ICP4 binding is restricted to accessible regions of the cellular genome
Since ICP4 bound to a subset of cellular genes near mRNA start sites (Fig. 4), We hypothesized that ICP4 only bound to accessible regions of the cellular genome. To test this hypothesis, we performed ChIP-Seq for ICP4, Pol II, Histone H3 (H3), euchromatic markers H3K4-trimethyl (H3K4me3) and H3K27-acetyl (H3K27ac), and heterochromatic marker H3K9-trimethyl (H3K9me3) and H3K27-trimethyl (H3K27me3) on MRC5 cells that were infected with HSV for 2 h. Cellular TSS were stratified using k-means clustering as high and low ICP4 binding (Fig. 5A). TSS with high ICP4 binding were also bound by Pol II and adjacent to euchromatic markers. TSS with low ICP4 binding were associated with only heterochromatic markers. Furthermore, genes clustered as high ICP4 binding had higher tagmentation frequency when assessed using ATAC-Seq (Fig. 5 B). The data was mapped for representative cellular genes in Fig. S5. We quantified the relationship between ICP4 and cellular chromatin in Fig. 5C-D. We found that the binding pattern of ICP4 was directly related (Spearman coefficient ≥0.5) to Pol II and cellular euchromatin, clustering as most similar to H3K27ac and H3K4me3 (Fig. 5C). The heterochromatic markers, H3K9me3 and H3K27me3, clustered together, and were not correlated (Spearman coefficient ∼0) to ICP4 or cellular chromatin. These results were corroborated by analysis of distinct peaks called using MACS (Fig. 5D). Interestingly, ICP4 bound regions had little overlap with their cognate binding motifs (Fig. 5D). A closer analysis of the actual genomic region where each factor bound, revealed that 82% of ICP4 bound regions were within 1 kb of a promoter (Fig. S6). By comparison only 10% of ICP4 predicted binding motifs were within 1 kb of a promoter. Furthermore, the euchromatic regions of the cellular genome that were occupied by ICP4 in infected cells were also euchromatic in uninfected cells, indicating that ICP4 does not globally promote open chromatin in these regions of the genome (Fig. 5A-B). These data support a model in which ICP4 is able to bind nonspecifically to accessible regions of the cellular genome, namely active promoters, early in infection when the relative concentration of ICP4 is high.

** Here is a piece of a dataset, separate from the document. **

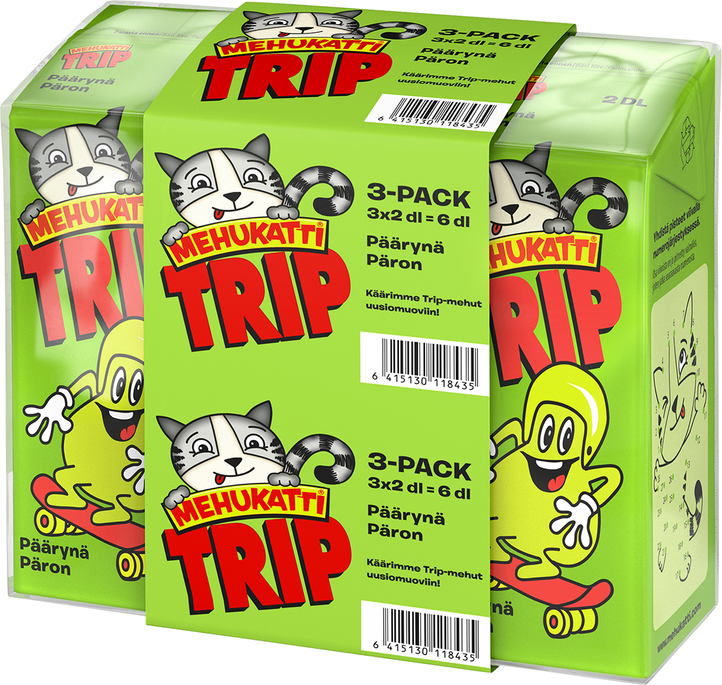 Kätevät Mehukatti Trip 3-packit on helppo kuljettaa kotiin, napata mukaan retkelle tai mökille sekä tarjoilla janoisille vieraille lastenjuhlissa.

ICP4 mediates depletion of Pol II on cellular promoters
We observed depletion in Pol II binding to cellular promoters with infection (Fig. 5A). This observation is consistent with prior studies, which assessed HSV-1 infection post-replication at 3, 4, or 6 hpi (Abrisch et al., 2016; Birkenheuer et al., 2018; McSwiggen et al., 2019). As we harvested samples prior to the onset of genome replication (2 hpi) we hypothesized that ICP4, which is produced immediately upon viral infection was responsible. First, we determined the effect of ICP4 on cellular promoters before the onset of genome replication. We mock-infected or infected fibroblasts at 10 pfu/cell with WT or ICP4-null (n12) HSV-1 for 2 h. We chose this early time point to ensure the effect we see is due to the absence of ICP4, rather than an E or L viral gene product which cannot be produced in the absence of ICP4. We observed depletion of Pol II occupancy on cellular mRNA promoters only in WT infection (Fig. 6A-B). Thus we concluded that ICP4 was required for depletion of Pol II from host mRNA promoters, and this effect was independent of viral genome copy number.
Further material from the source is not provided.